**WORK REQUEST**
Transcribe the data exactly, pictures excluded.

**RECORDED INFORMATION**
=== Section Start ===
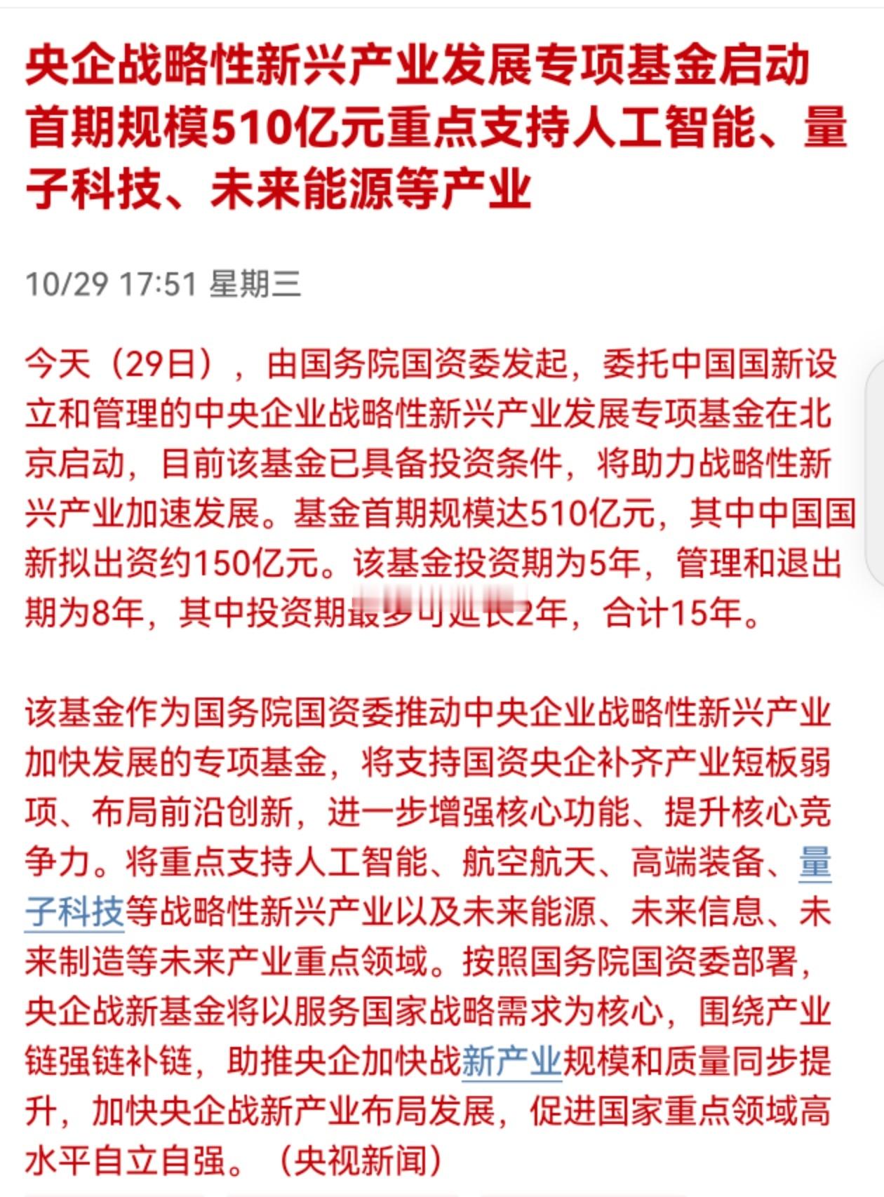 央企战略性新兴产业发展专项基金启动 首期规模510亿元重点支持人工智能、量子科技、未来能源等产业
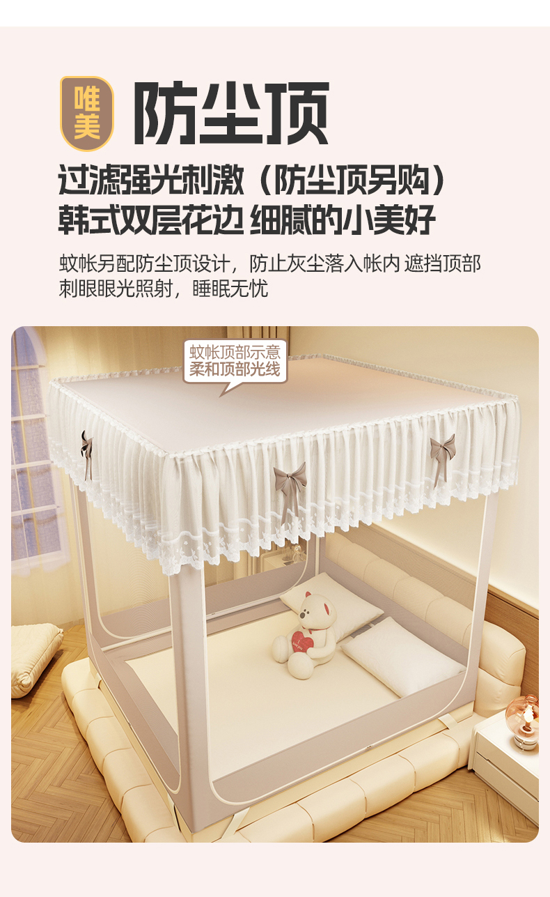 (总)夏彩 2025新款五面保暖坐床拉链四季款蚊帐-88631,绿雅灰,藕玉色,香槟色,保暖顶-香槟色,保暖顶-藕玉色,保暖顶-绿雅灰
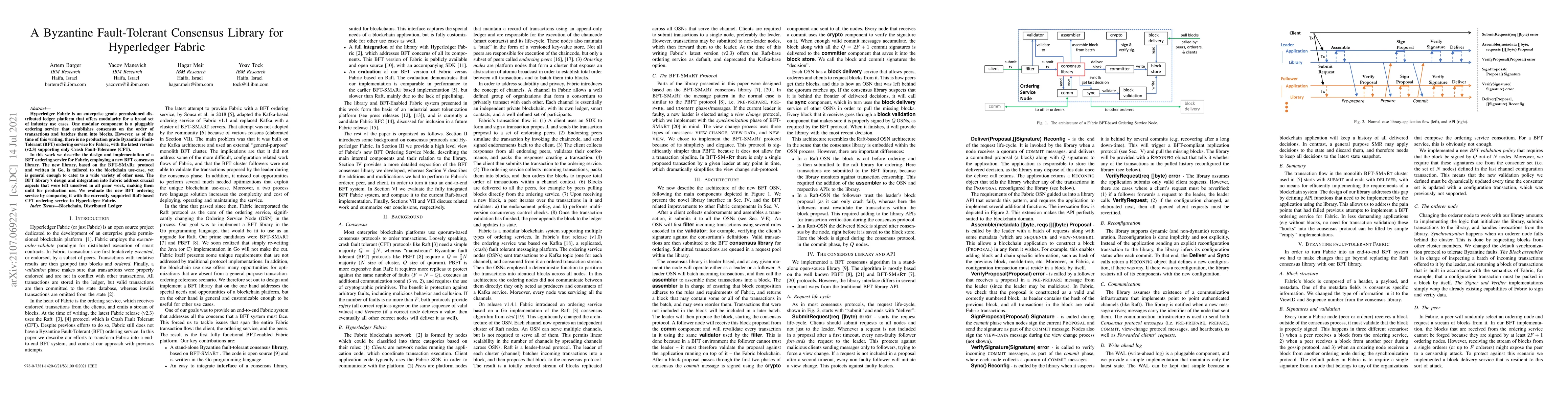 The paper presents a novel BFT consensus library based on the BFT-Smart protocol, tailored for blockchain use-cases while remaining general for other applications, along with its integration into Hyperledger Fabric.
=== Section End ===
**TASK OUTPUT**
 央企战略性新兴产业发展专项基金启动 首期规模510亿元重点支持人工智能、量子科技、未来能源等产业
 (总)夏彩 2025新款五面保暖坐床拉链四季款蚊帐-88631,绿雅灰,藕玉色,香槟色,保暖顶-香槟色,保暖顶-藕玉色,保暖顶-绿雅灰
 The paper presents a novel BFT consensus library based on the BFT-Smart protocol, tailored for blockchain use-cases while remaining general for other applications, along with its integration into Hyperledger Fabric.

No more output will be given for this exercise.